- Interactive map of Chester State Park
- Location: 759 State Park Rd, Chester, South Carolina 29706
- Coordinates: 34°40′51″N 81°14′38″W﻿ / ﻿34.680776°N 81.243814°W
- Area: 523 acres (2.1 km^{2})
- Created: 1935
- Open: 9:00am to 10:00pm
- Camp sites: Tent and RV sites, primitive group camping area
- Hiking trails: 1.3 miles (2 km) nature trail

= Chester State Park =

Park in South Carolina, U.S.

Chester State Park is located near the town of Chester in Chester County, South Carolina. The 523 acre park was developed by the Civilian Conservation Corps on land purchased in 1935.

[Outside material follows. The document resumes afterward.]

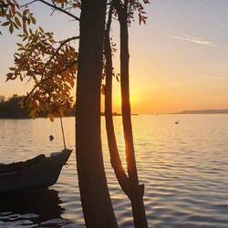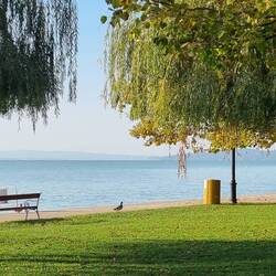 Vor lauter Begeisterung verlassen wir die Route A und finden eine Route entlang des Sees durch einen schönen herbstlich geschmückten Wald.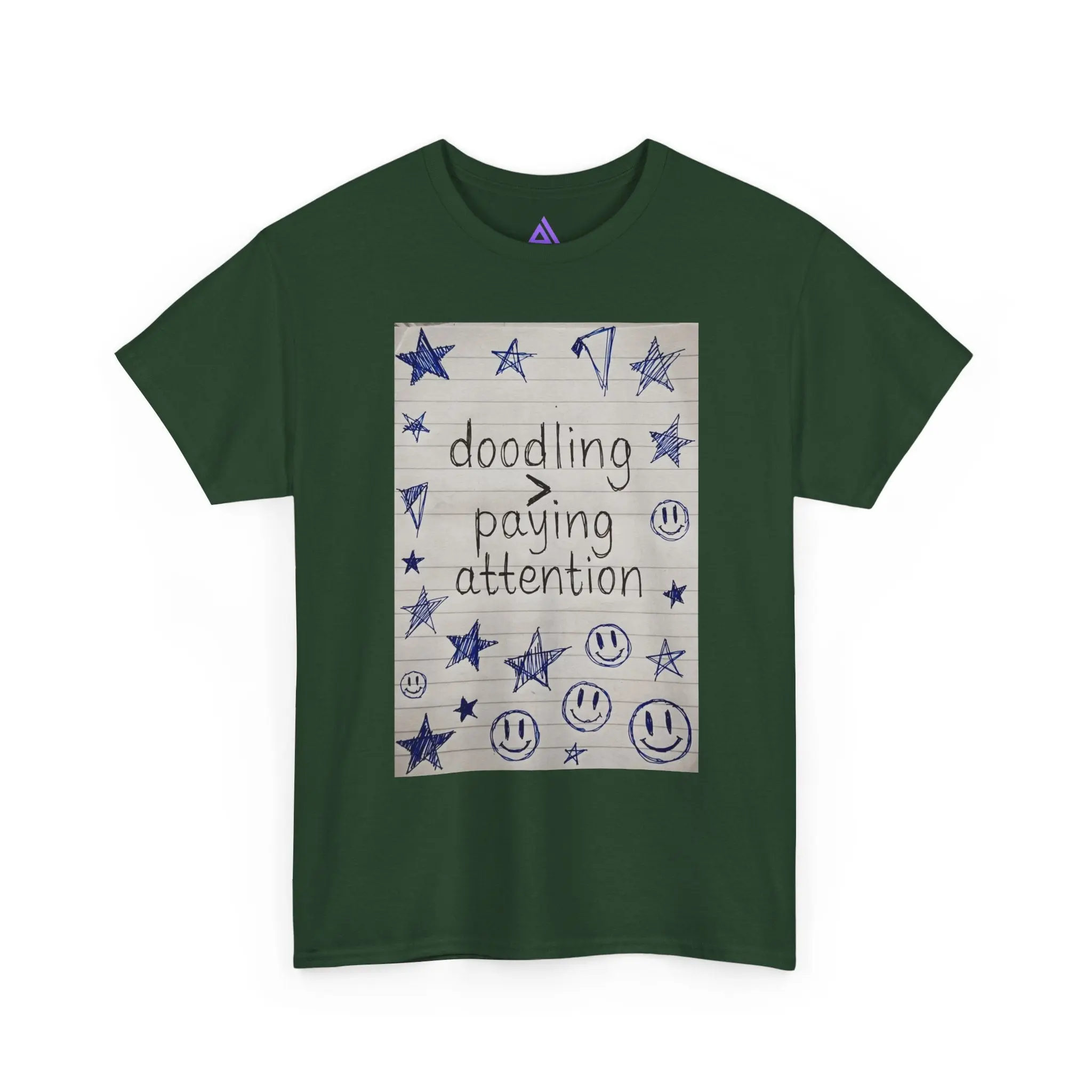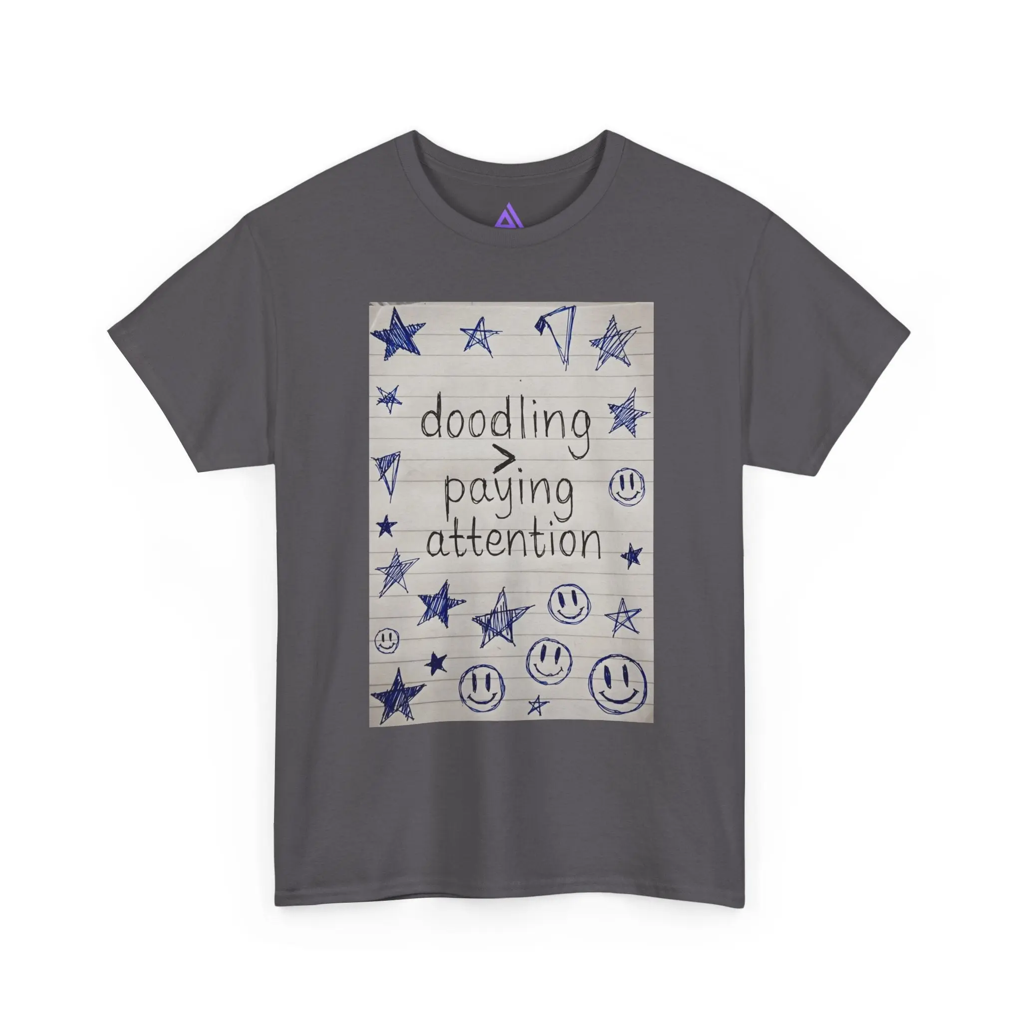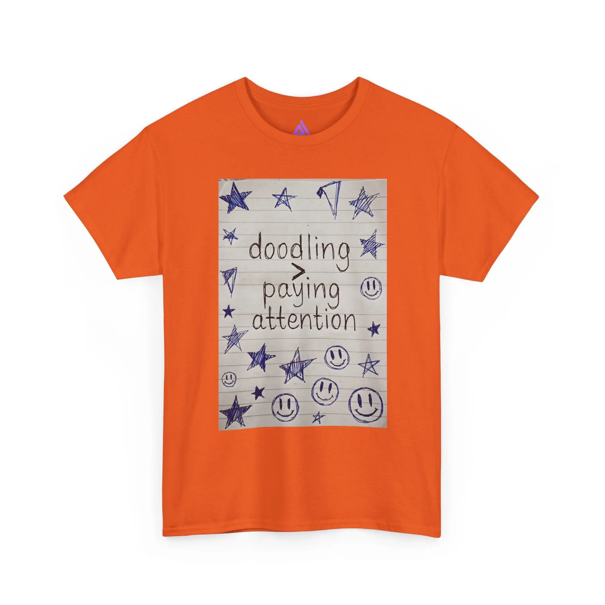 This soft, classic cotton tee carries a hand-drawn notebook-panel design that reads “doodling > paying attention,” surrounded by stars, smiley faces, and playful scribbles. It feels like slipping into a familiar sketchbook — comforting, slightly rebellious, and quietly joyful. Wear it to signal a slow, creative tempo: mornings with coffee and a pen, study breaks that turn into small bursts of inspiration, or laid-back meetups where authenticity matters more than polish. The relaxed fit and breathable cotton make it an easy layer for days spent making, sketching, or simply being present in your own offbeat way.

The park's 523 acres include a 160 acre lake, a 450 foot long fishing pier/walking bridge connecting the opposite sides of the lake, with a 2 mile nature trail that follows along the shoreline up to the Civilian Conservation Corps built stone spillway. Johnboat and canoe rentals are popular in the warmer months, and the park also offers a boat ramp for visitors with electric or hand-powered personal boats. Picnicking, rental picnic shelters and a large playground system are located along the shoreline. As of November 16, 2013, Chester State Park also offers the first SC State Park tournament sanctioned disc golf course. This 27 hole course has three loops suitable for professional, tournament play with 18 of these holes having alternative tee's for beginner/amateur level players.

Lakeview Hall, a fully enclosed meeting facility overlooking the park lake, is regularly used for weddings, reunions, and corporate meetings. Boy Scouts, church groups, and many other organized groups frequent the primitive group camping area throughout the year. Chester State Park's 25-site campground is open year-round and has many sites that may accommodate anything from single tents to 40 foot RVs.